Table: Comparison of cyclone Phailin and typhoon Haiyan
Parameter
Cyclone Phailin
Typhoon Haiyan (Yolanda)
Sustained maximum wind speed at landfall (kmph)
200-210[1]
235[2]
Saffir-Simpson Tropical Cyclone Scale[3]
Category 3-4
Category 4
Areas affected
Most of coastal Odisha and two Coastal districts of Andhra Pradesh
Central Philippines with maximum damage in Tacloban area
Last event of similar intensity
14 years
22 years
Time of landfall
22:30 hrs
4:40 hrs
Total deaths[4]
44
5759
Total affected
12 million
15 million
Number evacuated
1.5 million
1 million
Estimated total damage (billion USD)
0.7
2.4
Associated secondary disaster
Heavy rainfall and floods
Heavy rainfall and flood
Advance prediction of landfall and intensity
4-5 days
2-3   days
*Information, other than cited, was compiled from various web sources that can be easily traced using Google.

2. Can these recent extreme events be attributed to climate change?

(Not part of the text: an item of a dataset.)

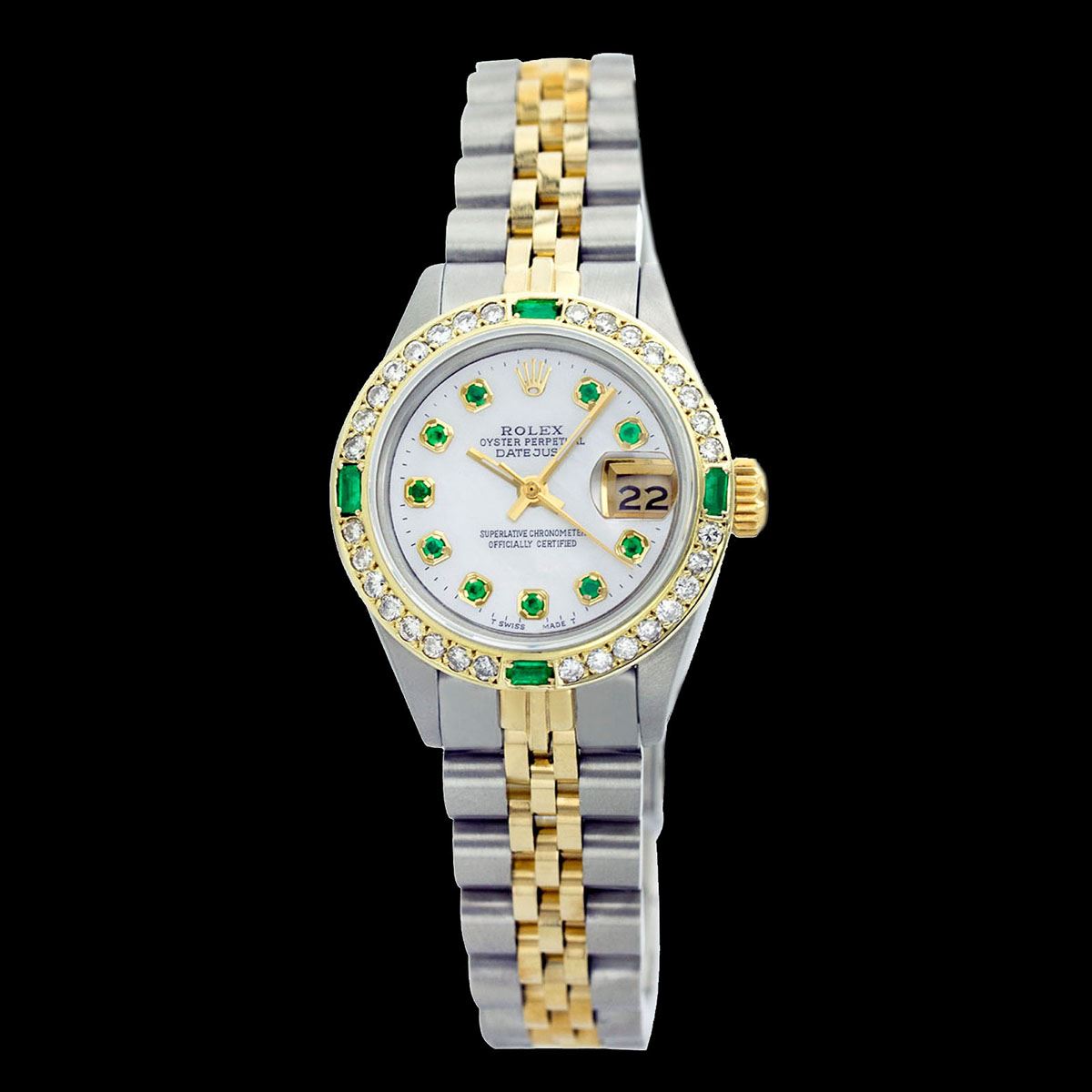 WATCH DETAILS: ITEM: WatchBRAND: RolexTYPE: Two ToneFEATURE: QuickSetMODEL: DateJustMADE: Swiss MadeGENDER: Men'sCONDITION: Pre-OwnedFUNCTION: DateDIAL COLOR: whiteHOUR MARKERS: 10 Round EmeraldBEZEL TYPE: Custom Made Diamond & Emerald BezelBEZEL STONE: Diamond G-VVS1 & 4 Colombian EmeraldBEZEL MATERIAL: 18K GoldBRACELET TYPE: Jubilee BRACELET MATERIAL: 14K Yellow Gold & Stainless SteelCLASP TYPE: Folding ClaspCLASP MATERIAL: Stainless SteelCASE STONE: CASE SIZE: 36mmCRYSTAL: Scratch Resistance Sapphire CrystalMOVEMENT: Automatic (Self Winding)CALIBER: 3035CROWN TYPE: Screw Down CrownWATER RESISTANCE: Waterproof to 10 ATM/100 meters/330 feetMODEL #: 16013SKU #: AMTJQS82We Buy/Sell/Trade Valuable watches, Please call us
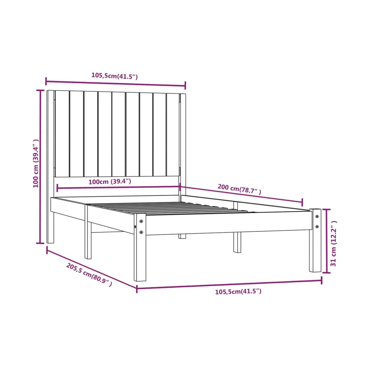 ¡Lleva la ruta moderna a tu dormitorio con esta estructura de cama de madera! Es un aporte práctico y decorativo para tu hogar. Material de primera calidad: La madera maciza de pino es un bonito material natural. La madera de pino tiene vetas rectas, y los nudos dan al material su distintivo aspecto rústico.Estructura robusta y estable: Las estructuras de madera garantizan su solidez y estabilidad.Cabecero cómodo: El clásico cabecero te permite descansar cómodamente mientras lees o ves una película.Diseño llamativo: El cabecero es decorativo y práctico. Añade un estilo y comodidad únicos. Nota:La entrega incluye solo una estructura de cama. El colchón no está incluido. Puedes echar un vistazo en nuestra tienda para buscar colchones a juego.Esta estructura de cama es adecuada para un colchón de 100 x 200 cm.

How can we make sense out of these?

The topic of attribution has its origin in perceptibly growing number of extreme events and related impacts. Attribution of any particular climatic event to climate change is the most difficult aspect of climate services and our understanding of climate system as a whole has not reached a point where the models employed can help us attribute certain climatic event to climate change with greater accuracy (Read Nature Editorial 19 December 2012). Irrespective of the purpose of attribution (e.g. climate negotiations), the emphasis on attribution may not yield as much value and usefulness compared to putting efforts on advanced early warning systems, strengthening dissemination and efficient application of early warning information for definitive actions on the ground. There is a sufficient agreement among climate researchers for high probability of extreme events in the future and there is a clear evidence for increasing number of extreme events historically. Despite this, there is certain difficulty in attributing the impacts on the ground to climate change for the reason that more and more people have been living in vulnerable areas putting them in the harm’s way than before. The rapid economic growth is only making this trend worse as more and more infrastructure is being constructed in vulnerable areas. Hence, understanding the dynamics of population growth and distribution and its interaction with the natural hazards assumes greater significance in understanding the observed impact trends and for achieving effective risk reduction.


Figure: While authorities were able to save thousands of lives, Phailin has left behind widespread devastation (Photo Courtesy: A. Shreekanth).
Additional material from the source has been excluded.